#### ACTIVITY
Pictures stay out of the output. Return exactly the lines below from the one with "サイズ | [ペット]" down to the one with "Người đàn ông đeo", both included, and nothing more.

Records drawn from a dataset

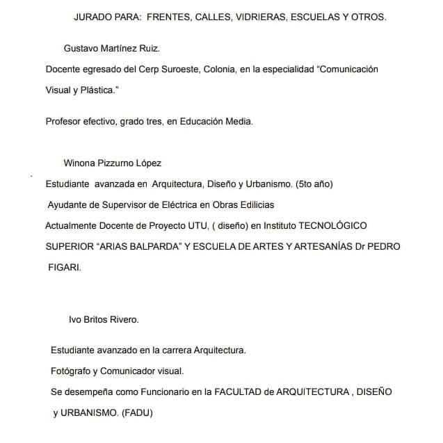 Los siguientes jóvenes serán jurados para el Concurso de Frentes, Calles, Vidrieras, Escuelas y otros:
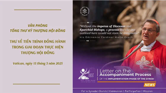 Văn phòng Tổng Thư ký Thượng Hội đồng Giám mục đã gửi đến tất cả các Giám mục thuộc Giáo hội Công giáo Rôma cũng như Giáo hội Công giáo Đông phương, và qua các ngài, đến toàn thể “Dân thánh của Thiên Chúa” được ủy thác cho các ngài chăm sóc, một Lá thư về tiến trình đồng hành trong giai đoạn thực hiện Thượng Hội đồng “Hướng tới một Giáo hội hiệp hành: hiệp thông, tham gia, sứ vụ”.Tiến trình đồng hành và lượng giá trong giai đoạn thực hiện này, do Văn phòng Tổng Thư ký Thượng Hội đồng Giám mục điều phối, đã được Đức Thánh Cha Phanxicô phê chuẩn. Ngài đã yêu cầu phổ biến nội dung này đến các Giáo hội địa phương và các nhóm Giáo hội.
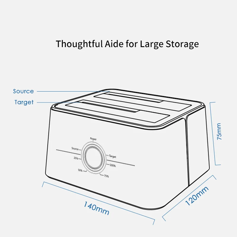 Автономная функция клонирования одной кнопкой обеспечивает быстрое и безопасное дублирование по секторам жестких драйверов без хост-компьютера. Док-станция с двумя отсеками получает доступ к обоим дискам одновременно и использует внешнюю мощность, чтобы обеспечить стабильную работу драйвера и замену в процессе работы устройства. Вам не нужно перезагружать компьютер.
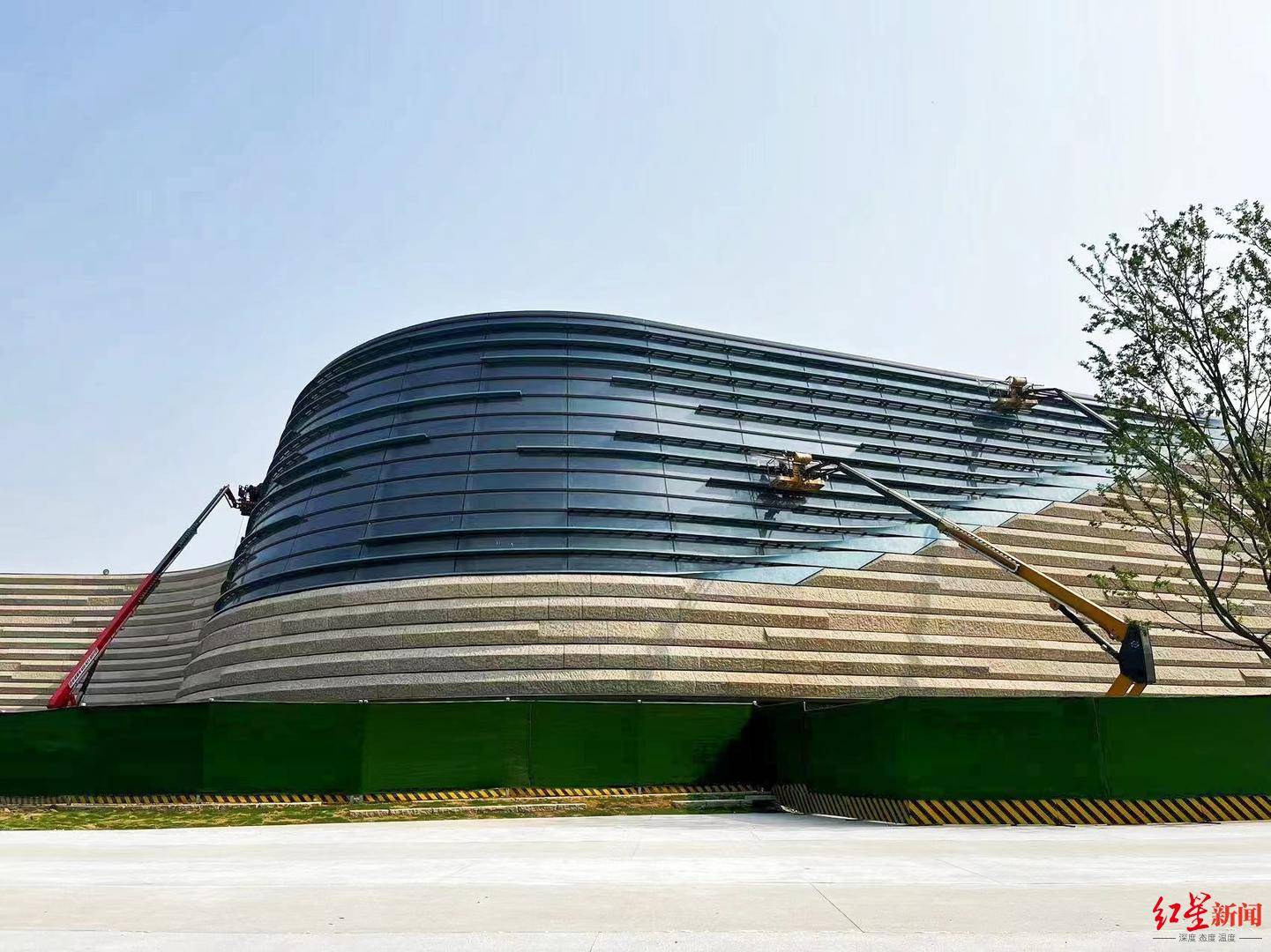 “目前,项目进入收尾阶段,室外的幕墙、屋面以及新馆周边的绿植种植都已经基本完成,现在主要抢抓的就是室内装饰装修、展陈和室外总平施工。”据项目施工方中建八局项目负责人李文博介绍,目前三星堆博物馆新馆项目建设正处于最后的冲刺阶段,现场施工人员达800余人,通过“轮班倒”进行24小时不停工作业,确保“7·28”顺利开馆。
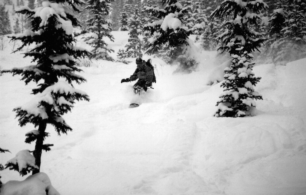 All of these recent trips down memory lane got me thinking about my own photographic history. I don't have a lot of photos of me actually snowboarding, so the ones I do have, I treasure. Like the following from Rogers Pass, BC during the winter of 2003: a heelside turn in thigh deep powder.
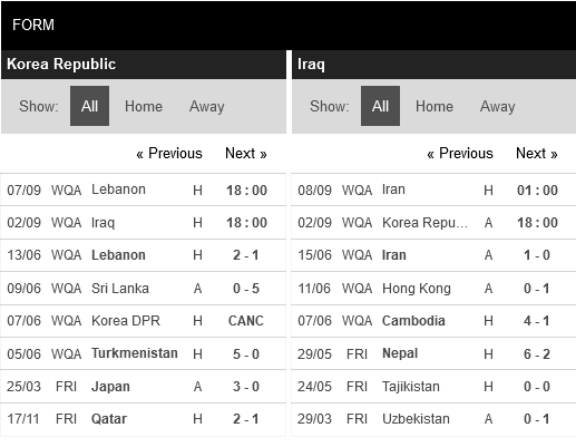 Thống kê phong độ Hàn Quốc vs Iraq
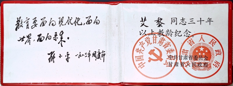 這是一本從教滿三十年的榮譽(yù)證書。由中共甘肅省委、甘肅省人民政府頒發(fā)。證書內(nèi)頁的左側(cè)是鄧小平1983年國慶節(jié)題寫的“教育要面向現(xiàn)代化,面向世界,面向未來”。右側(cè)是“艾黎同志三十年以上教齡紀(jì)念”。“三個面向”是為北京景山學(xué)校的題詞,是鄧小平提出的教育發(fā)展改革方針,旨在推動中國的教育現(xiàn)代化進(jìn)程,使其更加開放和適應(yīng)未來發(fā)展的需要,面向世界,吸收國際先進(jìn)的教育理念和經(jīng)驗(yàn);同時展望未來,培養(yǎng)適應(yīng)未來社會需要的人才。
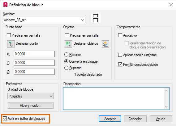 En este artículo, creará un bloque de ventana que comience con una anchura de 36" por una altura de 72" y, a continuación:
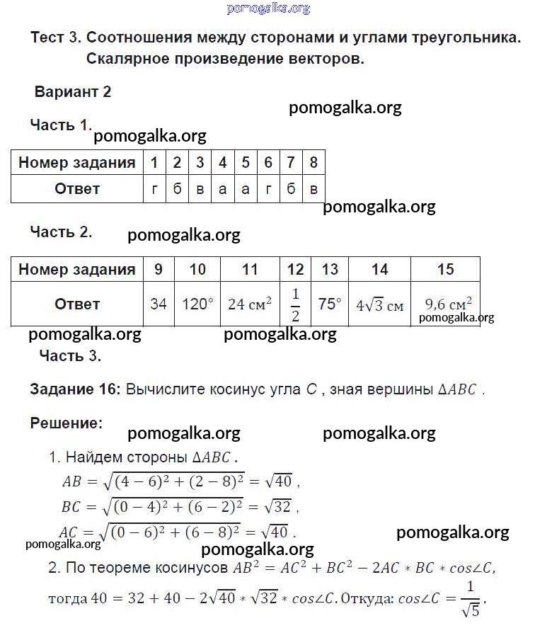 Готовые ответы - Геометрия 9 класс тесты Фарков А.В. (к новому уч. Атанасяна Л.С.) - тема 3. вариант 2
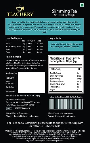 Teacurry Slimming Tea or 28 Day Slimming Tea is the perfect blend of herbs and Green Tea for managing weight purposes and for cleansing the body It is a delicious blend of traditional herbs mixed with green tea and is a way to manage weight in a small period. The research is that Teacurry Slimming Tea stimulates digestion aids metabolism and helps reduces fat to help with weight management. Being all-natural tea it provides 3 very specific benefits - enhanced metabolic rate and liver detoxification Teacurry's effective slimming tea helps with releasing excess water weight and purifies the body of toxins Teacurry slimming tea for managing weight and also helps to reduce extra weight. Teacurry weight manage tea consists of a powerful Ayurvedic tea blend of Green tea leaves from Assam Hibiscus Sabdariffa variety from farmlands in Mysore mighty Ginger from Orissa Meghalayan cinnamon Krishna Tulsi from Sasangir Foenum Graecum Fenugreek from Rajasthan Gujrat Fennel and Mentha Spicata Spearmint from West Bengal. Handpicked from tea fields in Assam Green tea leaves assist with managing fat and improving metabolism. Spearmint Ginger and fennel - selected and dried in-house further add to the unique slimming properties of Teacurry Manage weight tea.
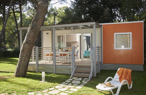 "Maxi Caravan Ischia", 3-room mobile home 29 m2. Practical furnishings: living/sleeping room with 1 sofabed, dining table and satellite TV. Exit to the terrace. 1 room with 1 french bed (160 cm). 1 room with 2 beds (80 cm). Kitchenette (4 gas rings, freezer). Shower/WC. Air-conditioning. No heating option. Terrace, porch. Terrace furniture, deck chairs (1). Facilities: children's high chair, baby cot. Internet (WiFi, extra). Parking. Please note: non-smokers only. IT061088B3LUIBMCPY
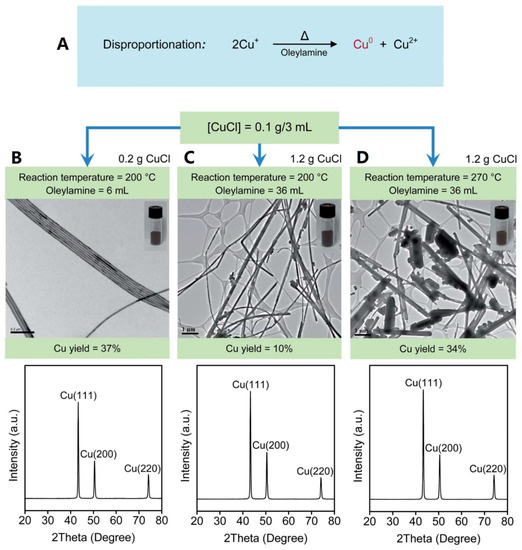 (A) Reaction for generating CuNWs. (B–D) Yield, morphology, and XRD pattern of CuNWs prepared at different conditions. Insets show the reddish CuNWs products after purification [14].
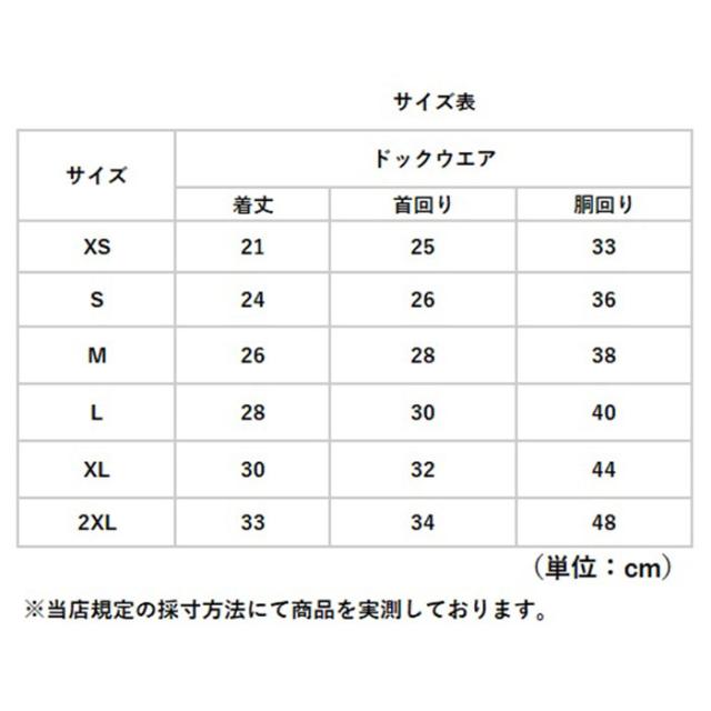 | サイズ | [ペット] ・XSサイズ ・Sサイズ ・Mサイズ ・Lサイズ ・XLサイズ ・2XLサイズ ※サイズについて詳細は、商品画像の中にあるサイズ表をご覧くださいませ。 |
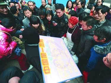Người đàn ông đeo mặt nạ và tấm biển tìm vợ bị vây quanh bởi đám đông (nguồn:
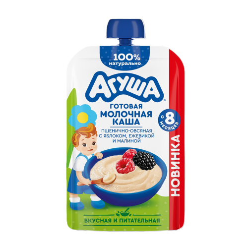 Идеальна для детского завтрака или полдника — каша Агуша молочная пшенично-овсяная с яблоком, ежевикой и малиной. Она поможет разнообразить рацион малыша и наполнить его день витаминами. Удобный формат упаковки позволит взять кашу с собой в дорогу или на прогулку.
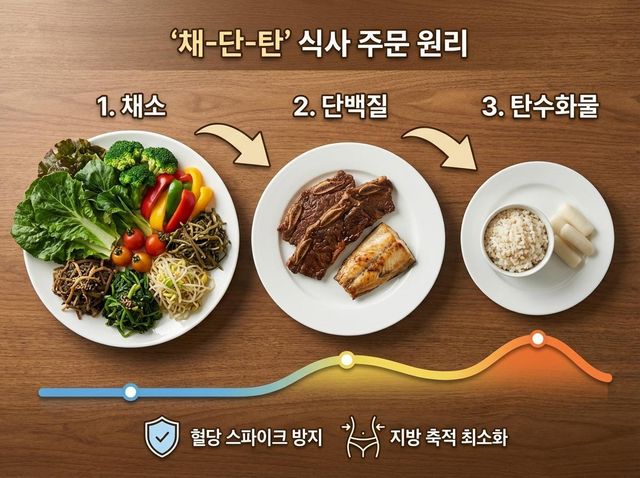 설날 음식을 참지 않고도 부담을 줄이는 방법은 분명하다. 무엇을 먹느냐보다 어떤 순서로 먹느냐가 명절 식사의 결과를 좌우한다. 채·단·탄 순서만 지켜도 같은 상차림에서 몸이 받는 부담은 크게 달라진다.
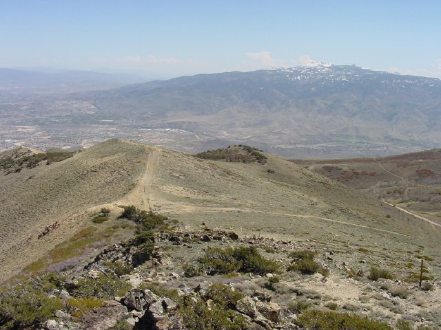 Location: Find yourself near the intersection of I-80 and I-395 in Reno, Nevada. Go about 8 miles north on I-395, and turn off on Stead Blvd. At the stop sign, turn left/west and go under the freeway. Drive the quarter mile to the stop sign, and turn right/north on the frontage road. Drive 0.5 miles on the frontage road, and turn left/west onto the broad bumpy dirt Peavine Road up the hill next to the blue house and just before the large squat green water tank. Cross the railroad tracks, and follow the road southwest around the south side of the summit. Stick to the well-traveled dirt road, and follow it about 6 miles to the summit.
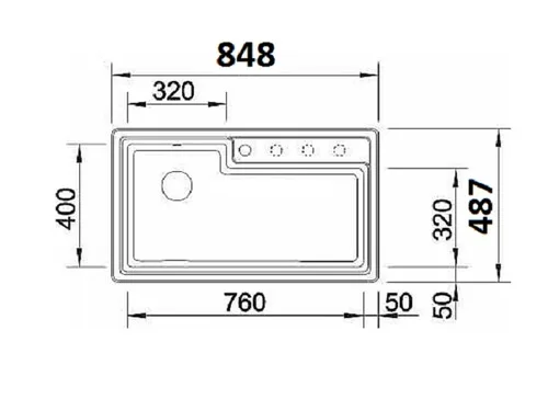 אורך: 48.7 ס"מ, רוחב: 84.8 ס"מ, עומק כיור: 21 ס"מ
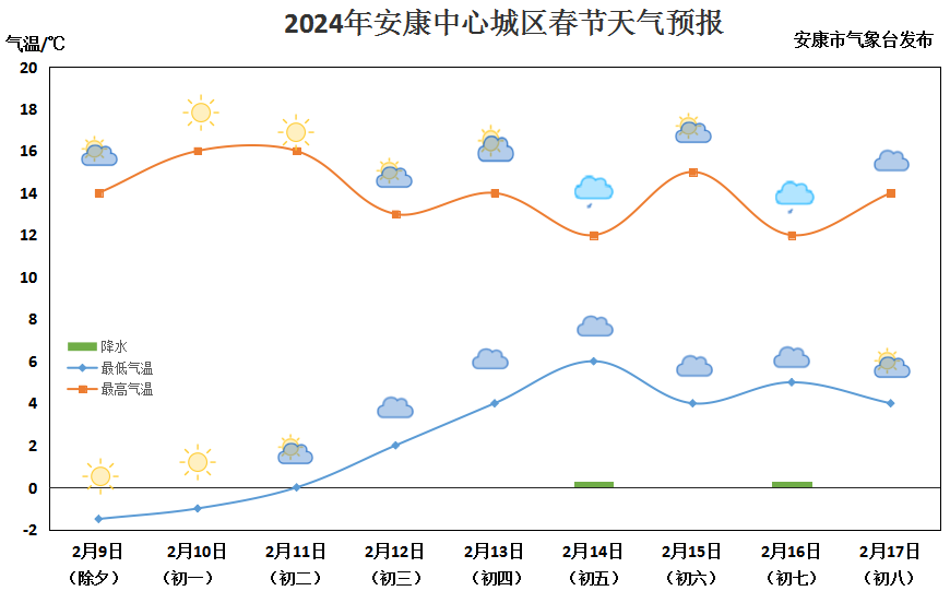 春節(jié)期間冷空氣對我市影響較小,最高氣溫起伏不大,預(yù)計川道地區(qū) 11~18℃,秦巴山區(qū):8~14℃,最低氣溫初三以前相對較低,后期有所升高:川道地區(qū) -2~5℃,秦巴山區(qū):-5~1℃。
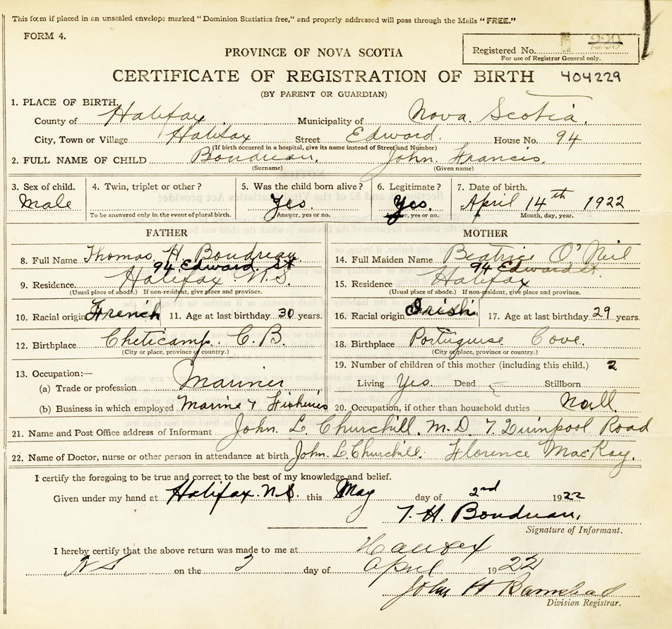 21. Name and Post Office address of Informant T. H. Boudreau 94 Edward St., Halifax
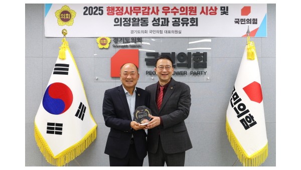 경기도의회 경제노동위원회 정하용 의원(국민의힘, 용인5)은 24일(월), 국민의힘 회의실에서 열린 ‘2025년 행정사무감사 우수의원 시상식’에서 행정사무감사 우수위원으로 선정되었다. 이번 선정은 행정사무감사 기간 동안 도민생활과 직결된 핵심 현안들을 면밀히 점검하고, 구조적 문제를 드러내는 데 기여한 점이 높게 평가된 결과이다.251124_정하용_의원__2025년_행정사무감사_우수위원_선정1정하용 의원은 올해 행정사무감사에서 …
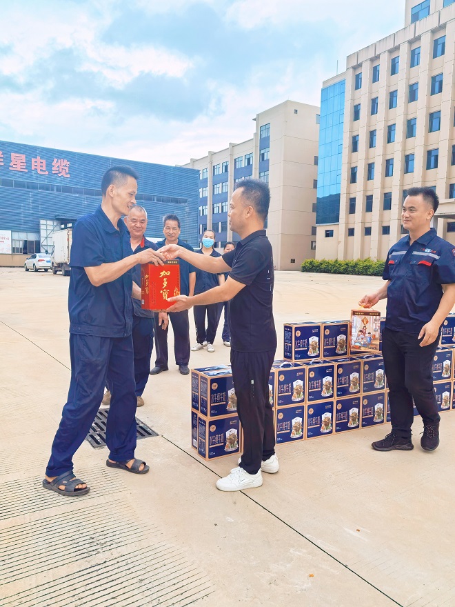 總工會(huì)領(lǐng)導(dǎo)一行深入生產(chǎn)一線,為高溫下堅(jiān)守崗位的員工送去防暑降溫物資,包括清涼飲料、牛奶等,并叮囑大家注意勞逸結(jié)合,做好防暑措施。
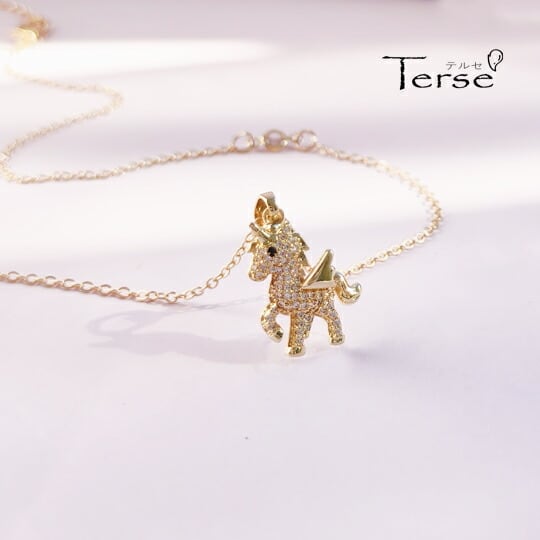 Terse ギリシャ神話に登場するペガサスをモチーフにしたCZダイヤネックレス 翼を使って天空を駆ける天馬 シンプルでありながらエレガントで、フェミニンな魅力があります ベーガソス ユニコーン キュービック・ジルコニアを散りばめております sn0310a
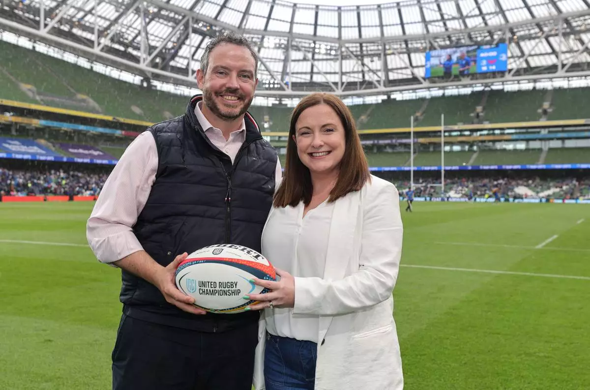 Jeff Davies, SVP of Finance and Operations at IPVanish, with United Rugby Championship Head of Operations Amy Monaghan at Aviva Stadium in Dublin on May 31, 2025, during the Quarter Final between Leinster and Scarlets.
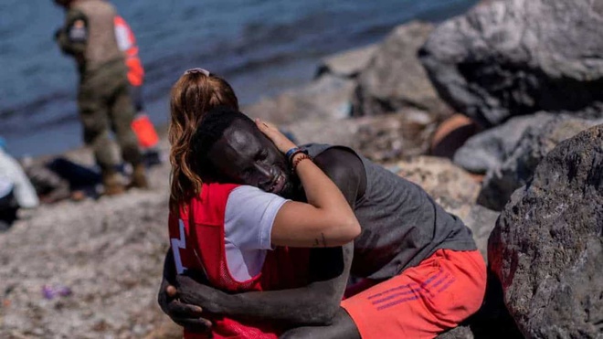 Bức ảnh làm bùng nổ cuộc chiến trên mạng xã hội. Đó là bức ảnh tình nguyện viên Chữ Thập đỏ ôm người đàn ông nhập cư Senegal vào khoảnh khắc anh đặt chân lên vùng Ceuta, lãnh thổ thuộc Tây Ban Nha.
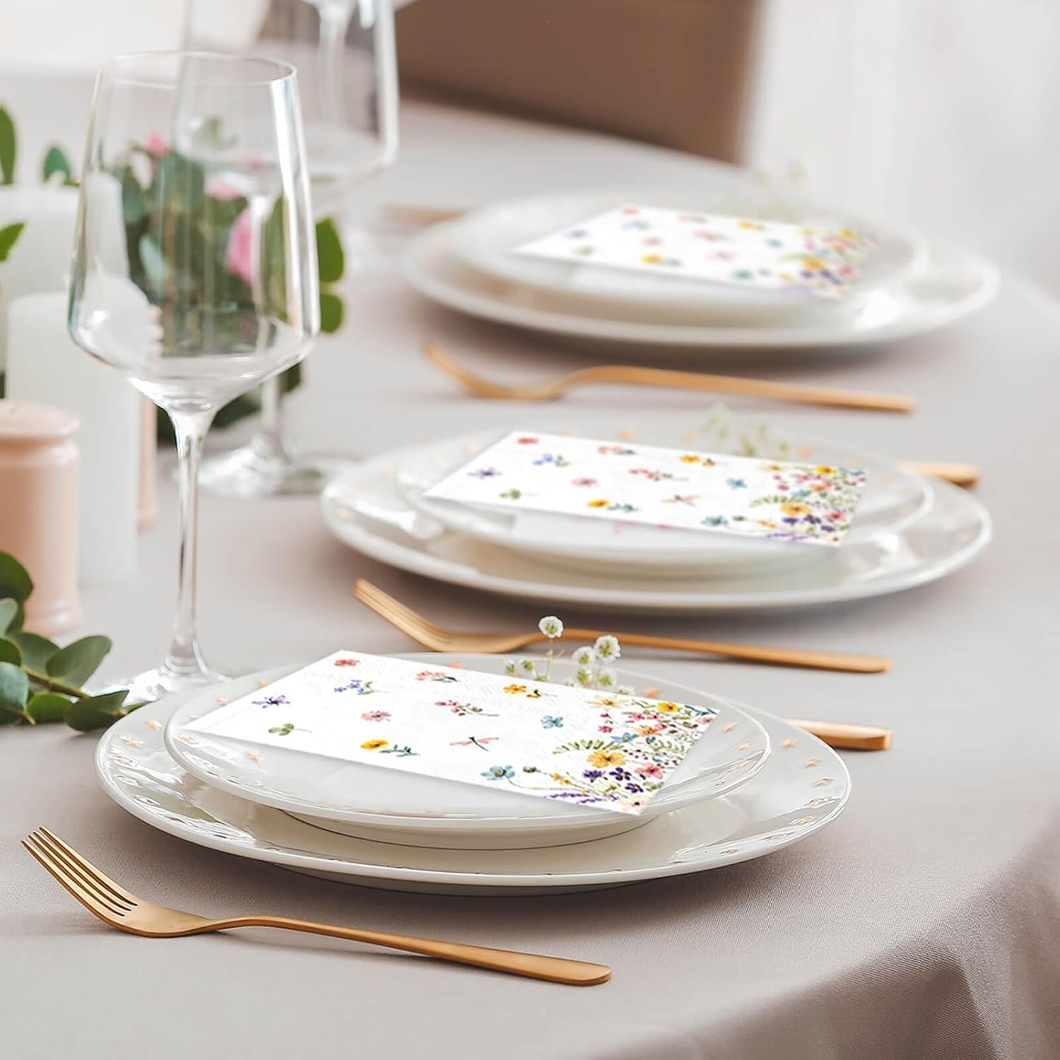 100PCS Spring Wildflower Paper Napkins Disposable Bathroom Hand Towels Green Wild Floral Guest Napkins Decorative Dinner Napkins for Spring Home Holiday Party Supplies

#### RESPONSE TO THE TASK
 | サイズ | [ペット] ・XSサイズ ・Sサイズ ・Mサイズ ・Lサイズ ・XLサイズ ・2XLサイズ ※サイズについて詳細は、商品画像の中にあるサイズ表をご覧くださいませ。 |
Người đàn ông đeo mặt nạ và tấm biển tìm vợ bị vây quanh bởi đám đông (nguồn:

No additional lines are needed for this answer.